Imagine you need to clear the upper word of a variable (var &= 0xFFFFFFFF). This is very common when doing arithmetic on size smaller than the word size (e.g. 32-bit on a 64-bit computer). On RISC-V it is done with two instructions: a shift left followed by a shift right. For example, consider a 16-bit unsigned addition x8 += x9:
add x8, x8, x9
slli x8, x8, 16
srli x8, x8, 16
In the base instruction set, each instruction would require 4 bytes, for a total of 12 bytes. Of course, the compressed instruction set allows these instructions to be encoded as 2 bytes each, for a total of 6 bytes. As a point of comparison, on x86 this would be ADD ax, bx, which is encoded as 3 bytes.
Separate to the encoding size issue is that on a typical architecture, these instructions will take at least 3 cycles to complete. They cannot be rearranged or completed in parallel because of the dependency of each instruction on the result of the previous instruction. One way around this is to just create a new instruction to zero-out the top 16-bits of a register. However, the RISC-V people decided against doing this. Instead, they suggest that CPUs implement macro-op fusion. So the instruction decoder has to recognize that a left shift followed by a right shift of the same amount can be done in one cycle. This is tricky to get right (and no one has done it in silicon AFAIK). It also introduces a lot of complexity to optimization, similar to in-order superscalar cores (see e.g. the pentium 1 section of this guide).
However, there is also the problem that while the above code could execute in 2 cycles with macro-op fusion, it still takes 6 bytes to encode. This takes up extra space in the instruction cache when compared to a dedicated “clear upper word” instruction (4 bytes) or more compact/irregular instruction sets like x86 (3 bytes).
(A way around this could be to cache the decoded instructions. This is not an uncommon technique, but decoded instructions are usually larger than encoded instructions. So it’s unlikely that this can be used to improve instruction cache density.)
Thanks for the elaboration. I have been enlightened. :)
So that particular sequence of instructions would be longer, but assuming that macro-op fusion can be made to work well, is it possible to increase the code density this way overall? For example, although there is not a specific instruction to clear the upper bits, since there are fewer instructions to encode it potentially allows more common instructions to be shorter?
So that particular sequence of instructions would be longer, but assuming that macro-op fusion can be made to work well, is it possible to increase the code density this way overall?

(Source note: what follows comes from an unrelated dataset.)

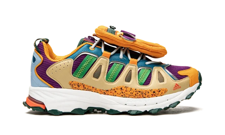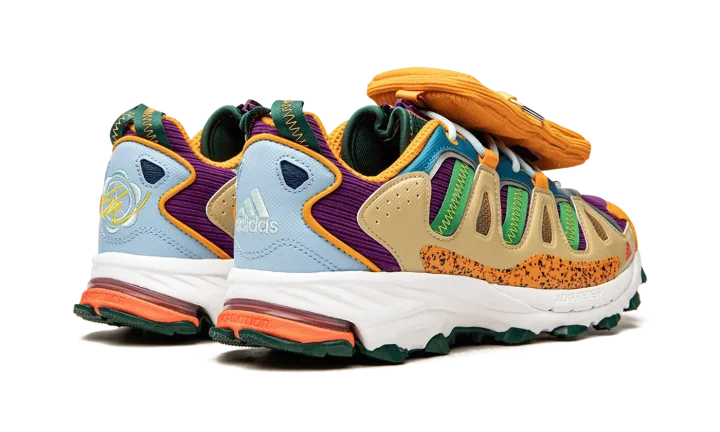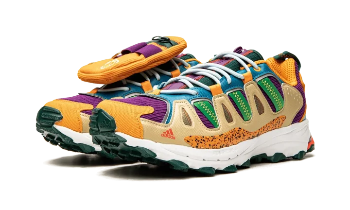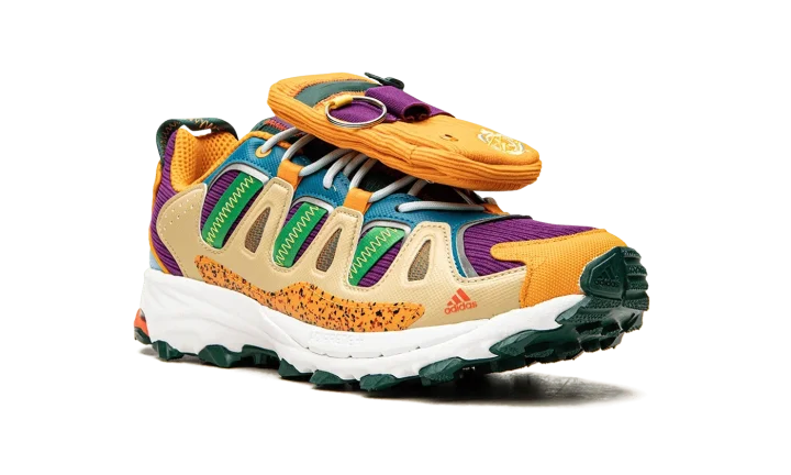 The Sean Wotherspoon x adidas Superturf Adventure "Jiminy Cricket" is a creative collaboration between the sneaker designer and vintage fashion curator, Disney, and adidas, on a colorway dedicated to the beloved "Pinocchio" character. Appearing on adidas's Superturf Adventure silhouette, the "Jiminy Cricket" is indeed inspired by the cartoon character of the same name. A removable lace cover that can be used as a keychain and necklace appears on the top of the shoe. An image of Jiminy Cricket is found on the tongue's zipper. The rest of the upper takes cues from the lovable Disney character's outfit.
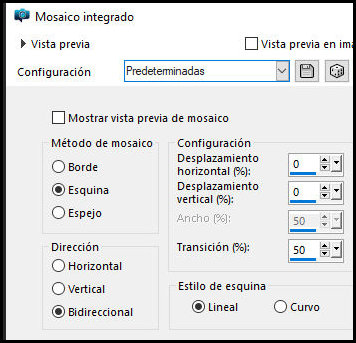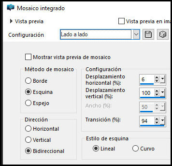 Efectos / Efectos de imagen / Mosaico integrado - Lado a

Yes (hopefully). In general, the RISC-V authors have chosen to make RISC-V very RISC-y when compared to other RISC ISAs. This manifests in few instructions, 3-operands for everything, and a very regular encoding in the base ISA. This has been criticized as wasting space in the base ISA, though I don’t have a link to such criticism on hand.
For example, although there is not a specific instruction to clear the upper bits, since there are fewer instructions to encode it potentially allows more common instructions to be shorter?
This is effectively what compressed instructions are for.
The paper linked in the article appears to show RV64GC, the compressed variant of RV64G, results in smaller program sizes than x86_64. If that’s true, wouldn’t that mean you would need less i-cache space? This isn’t my area of expertise, but I find it fascinating.
There are a lot of variables here. One is the input corpus. As I recall, that particular paper evaluated almost exclusively C code. The generated code for C++ will use a slightly different instruction mix, for other languages the difference is even greater. To give a concrete example, C/C++ do not have (in the standard) any checking for integer overflow. It either wraps for unsigned arithmetic or is undefined for signed. This means that a+b on any C integer type up to [u]int64_t is a single RISC-V instruction. A lot of other languages (including Rust, I believe, and the implementations of most dynamic languages) depend on overflow-checked arithmetic on their fast paths. With Arm or x86 (32- or 64-bit variants), the add instructions set a condition code that you can then branch on, accumulate in a GPR, or use in a conditional move instruction. If you want to have a good fast path, you accumulate the condition code after each arithmetic op in a hot path then branch at the end and hit a slow path if any of the calculations overflowed. This is very dense on x86 or Arm.
RISC-V does not have condition codes. This is great for microarchitects. Condition code registers are somewhat painful because they’re an implicit data dependency from any arithmetic instruction to a load of others. In spite of this, Arm kept them with AArch64 (though dramatically reduced the number of predicated instructions, to simplify the microarchitecture) because they did a lot of measurement and found that a carefully optimised compiler made significant use of them.
RISC-V also doesn’t have a conditional move instruction. Krste likes to cite a paper by the Alpha authors regretting their choice of a conditional move, because it required one extra read port on the register file. These days, conditional moves are typically folded into the register rename engine and so are quite cheap in the microarchitecture of anything doing a non-trivial amount of register rename (they’re just an update in the rename directory telling subsequent instructions which value to use). Compilers have become really good at if-conversion, turning small if blocks into a path that does both versions and selects the results. This is so common that LLVM has a select instruction in the IR. To do the equivalent with RISC-V, you need to have logic in decode that recognises a small branch forward and converts it into a predicated sequence. That’s a lot more difficult to do than simply having a conditional move instruction and reduces code density.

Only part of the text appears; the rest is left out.